December 19, 2012|By JULIE E. GREENE | julieg@herald-mail.com
  • Volvo Group Trucks Operations Vice President Wade Watson, left, gives Washington County Public Schools guidance counselors and administrators a tour of the engine and transmission factory on Wednesday to show what types of jobs are available to future graduates.
By Yvette May/Staff Photographer

HAGERSTOWN — Smelly, dirty, greasy, men, noise.

These are descriptions a few of the Washington County Public Schools guidance counselors gave when Volvo Group Trucks Operations Vice President Wade Watson asked what they think of when they hear “diesel engines.”

Approximately 70 guidance counselors, from elementary to high schools, listened to Watson talk about changing perceptions of manufacturing, including job opportunities and workplaces.

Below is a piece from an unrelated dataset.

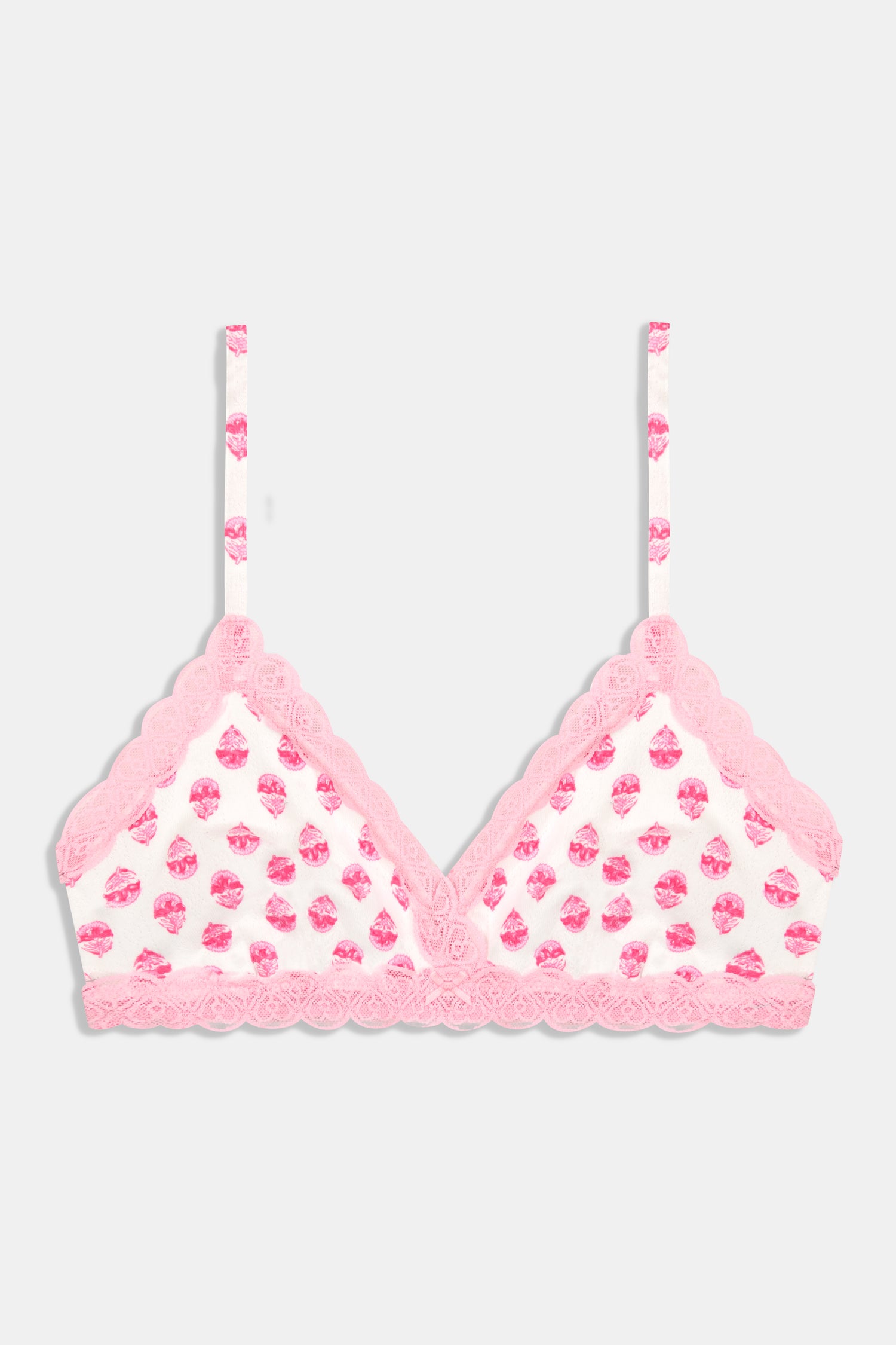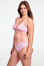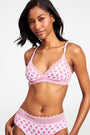 An easy, everyday essential, the Jane Bralette is a lightly supportive style with triangle cups and an adjustable hook band. For a matching set, we love pairing this pink floral print bra with the Cornelia Hipster or Jay Thong undies!

“We’ve really modernized the way of working, (we) have created a much better environment for the employees, better lit, better ergonomics, a lot of automation and a more team-based environment where everybody can contribute and ... make our processes better and feel valued and recognized as employees,” Watson said.

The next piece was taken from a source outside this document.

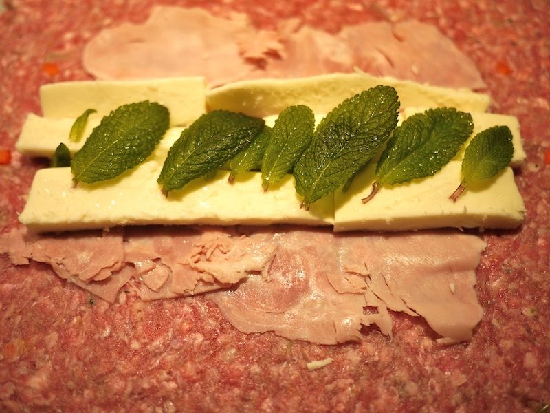 Farcitelo con il prosciutto cotto, dei pezzi di formaggio e della menta (sia chiaro che potete usare il condimento che più vi piace).

The local Volvo operation has some growth opportunities and an aging workforce that, as it retires, needs to be replaced with talented young people, Watson said.

Watson and other Volvo officials led groups of guidance counselors on tours of the Volvo plant north of Hagerstown.

The tour included seeing several parts of the manufacturing process, including robotics, as well as walking through office space, checking out an indoor courtyard where employees can relax, and hearing from one of the employee trainers.

After the tour, guidance counselors had a chance to hear from a dozen Volvo employees, including local school system graduates, and ask questions.

They asked Watson what the entry-level pay was — $13 to $26 an hour — and from which colleges the company recruits.

The company hired 79 summer interns from a variety of colleges to work at the local plant last summer, Watson said. The Volvo operation regularly sets up job fair booths at the University of Maryland campuses, Penn State University, West Virginia University, Virginia Tech and North Carolina State University, he said.

One counselor asked Watson how competitive it was to get a job at Volvo, having heard it was difficult, yet easier if a family member worked there.

Watson said nepotism was the old way, a thing of the past.

“Our ambition going forward is to find top talent,” he said.

David “Doc” Holliday, a counselor at Hancock Middle, said he was surprised by the Christmas decorations in the plant and the staff displays that provided a “family atmosphere.”

“They really take care of their employees,” Smithsburg Middle counselor Barbara Gift said.

James Funkhouser, a counselor at Emma K. Doub and Sharpsburg elementary schools, said the teamwork skills and innovation he saw at Volvo aligned with what was being taught in schools.

School Superintendent Clayton Wilcox told counselors he hoped their time at the Volvo plant would “open your eyes and broaden your toolkit a bit. So that when a young person comes to you and says, ‘You know, I’m not sure what I want to do in life,’ you have something beyond simply saying, ‘Well, go to college.’”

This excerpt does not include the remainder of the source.